### Work to complete
In the entries below, find the line with "- 「クイック入金でのお支払" and the line with "- Mini hat hair"; copy them and every line between them exactly, but not the pictures.

[Data shown]

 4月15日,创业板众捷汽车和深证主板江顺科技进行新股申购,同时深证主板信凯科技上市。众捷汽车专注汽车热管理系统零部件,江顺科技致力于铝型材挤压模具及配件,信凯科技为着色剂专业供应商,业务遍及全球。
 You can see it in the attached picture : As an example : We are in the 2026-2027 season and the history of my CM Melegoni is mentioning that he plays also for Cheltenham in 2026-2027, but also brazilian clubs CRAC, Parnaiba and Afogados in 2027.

[/Data shown]
[Data shown]

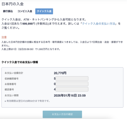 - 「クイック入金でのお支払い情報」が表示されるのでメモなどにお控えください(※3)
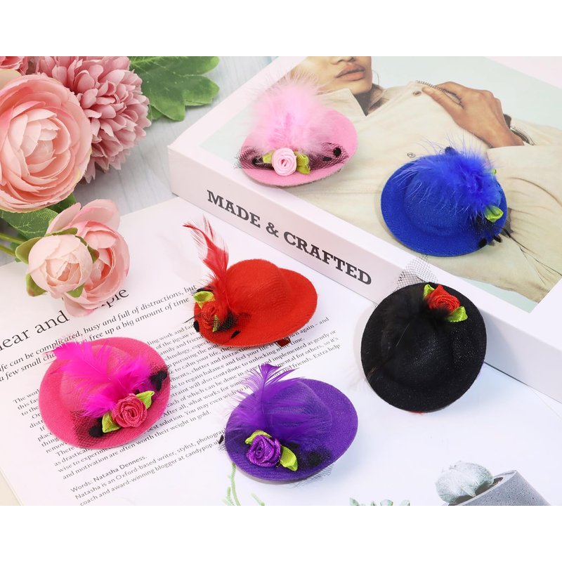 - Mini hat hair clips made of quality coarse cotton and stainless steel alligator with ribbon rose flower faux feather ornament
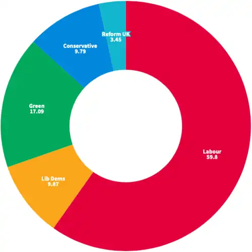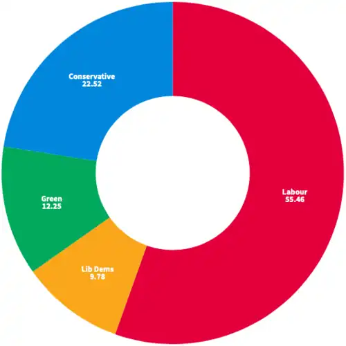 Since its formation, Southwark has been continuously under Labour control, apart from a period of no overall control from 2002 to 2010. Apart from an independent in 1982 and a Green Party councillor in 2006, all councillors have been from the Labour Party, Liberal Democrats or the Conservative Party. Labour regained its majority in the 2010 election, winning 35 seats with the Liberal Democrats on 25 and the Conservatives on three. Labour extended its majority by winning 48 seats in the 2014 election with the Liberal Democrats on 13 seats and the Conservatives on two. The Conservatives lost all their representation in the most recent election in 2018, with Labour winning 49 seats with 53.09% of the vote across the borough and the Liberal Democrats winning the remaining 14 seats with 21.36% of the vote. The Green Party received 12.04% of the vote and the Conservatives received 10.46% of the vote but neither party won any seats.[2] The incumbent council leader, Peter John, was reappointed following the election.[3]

[/Data shown]

### Solution to this task
 - 「クイック入金でのお支払い情報」が表示されるのでメモなどにお控えください(※3)
 - Mini hat hair clips made of quality coarse cotton and stainless steel alligator with ribbon rose flower faux feather ornament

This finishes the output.